- **YOUR GOAL**
Please give back word for word the lines of the material below between the line containing "Ombre Grace Textured" and the line containing "Двухэтажный дом на", inclusive.

- **DATASET RECORDS**

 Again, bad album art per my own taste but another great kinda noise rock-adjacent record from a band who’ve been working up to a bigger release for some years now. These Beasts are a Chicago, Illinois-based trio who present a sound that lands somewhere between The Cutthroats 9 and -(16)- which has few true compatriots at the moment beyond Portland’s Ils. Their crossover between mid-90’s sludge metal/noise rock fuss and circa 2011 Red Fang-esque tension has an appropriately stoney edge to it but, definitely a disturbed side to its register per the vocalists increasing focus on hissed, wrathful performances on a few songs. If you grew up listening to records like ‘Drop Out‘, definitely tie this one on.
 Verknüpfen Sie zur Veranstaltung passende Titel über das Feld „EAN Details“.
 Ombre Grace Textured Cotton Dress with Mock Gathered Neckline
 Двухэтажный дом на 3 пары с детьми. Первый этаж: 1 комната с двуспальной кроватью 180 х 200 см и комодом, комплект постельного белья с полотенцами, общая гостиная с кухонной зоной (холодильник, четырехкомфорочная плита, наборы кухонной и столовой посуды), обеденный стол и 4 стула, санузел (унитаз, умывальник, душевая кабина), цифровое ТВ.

* * *

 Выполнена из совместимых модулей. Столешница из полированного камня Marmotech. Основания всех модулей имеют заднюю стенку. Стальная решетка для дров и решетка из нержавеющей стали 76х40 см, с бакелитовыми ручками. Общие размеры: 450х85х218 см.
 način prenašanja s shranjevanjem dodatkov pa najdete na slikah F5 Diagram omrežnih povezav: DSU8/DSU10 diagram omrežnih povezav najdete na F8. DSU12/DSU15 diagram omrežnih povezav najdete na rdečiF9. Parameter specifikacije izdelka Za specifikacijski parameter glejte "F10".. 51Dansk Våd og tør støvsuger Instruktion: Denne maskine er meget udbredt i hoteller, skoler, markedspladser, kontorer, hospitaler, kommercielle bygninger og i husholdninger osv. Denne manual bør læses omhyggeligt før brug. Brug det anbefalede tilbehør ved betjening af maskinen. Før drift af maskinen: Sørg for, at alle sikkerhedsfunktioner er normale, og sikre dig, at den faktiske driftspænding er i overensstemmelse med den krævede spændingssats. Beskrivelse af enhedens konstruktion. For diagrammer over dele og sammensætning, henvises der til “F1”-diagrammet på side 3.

- **REPLY TO THE EXERCISE**
 Ombre Grace Textured Cotton Dress with Mock Gathered Neckline
 Двухэтажный дом на 3 пары с детьми. Первый этаж: 1 комната с двуспальной кроватью 180 х 200 см и комодом, комплект постельного белья с полотенцами, общая гостиная с кухонной зоной (холодильник, четырехкомфорочная плита, наборы кухонной и столовой посуды), обеденный стол и 4 стула, санузел (унитаз, умывальник, душевая кабина), цифровое ТВ.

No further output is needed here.